[Python-Dev] sgmllib Comments

Mon Jun 12 08:18:50 CEST 2006

Sam Ruby wrote:
> If we can agree on the behavior, I would be glad to write up a patch.
> 
> It seems to me that the simplest way to proceed would be for the code
> that attempts to resolve character references (both named and numeric)
> in attributes to be isolated in a single method.  Subclasses that desire
> different behavior (including the existing Python 2.4 and prior
> behaviour) could simply override this method.

In SGML, this is problematic: The named things are not character
references, they are entity references, and it isn't necessarily
the case that they expand to a character. For example, &author;
might expand to "Martin v. Löwis", and &logo; might refer to a
bitmap image which is unparsed.

That said, providing a overridable replacement function sounds
like the right approach. To keep with tradition, I would still
distinguish between character references and entity references,
i.e. providing two overridable functions instead. Returning
None could mean that no replacement is available.

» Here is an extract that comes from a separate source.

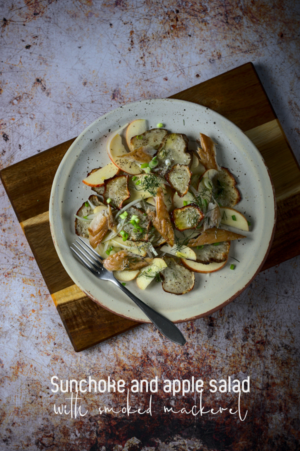 So I started looking for a recipe inspiration as I always do with foods that I never prepared before. And I found a perfect one, as I had (almost) all ingredients. So that’s my version of this sunchoke and apple salad, prepared with the leftovers I already had in my kitchen. I had one organic Gala or Pink Lady apple, leftovers of smoked mackerel insteadt of trout, ordinary brown onion instead of shallots, plus some spring onions from the same veggie box instead of fresh basil. And I have to say that I was pleasantly surprised with the final taste. It looked a bit like randomly chosed ingredients, but somehow worked together very well.

As for default implementations, I think they should do what
currently happens: entity references are replaced according to
entitydefs, character references are replaced to bytes if
they are smaller than 256.

Contrary to what others said, it appears that SGML *does*
support hexadecimal character references, provided that
the SGML declaraction contains the HCRO definition (which,
for HTML and XML, is defined as HCRO "&#38;#x"). So it seems
safe to process hex character references by default (although
it isn't safe to assume Unicode, IMO).

Regards,
Martin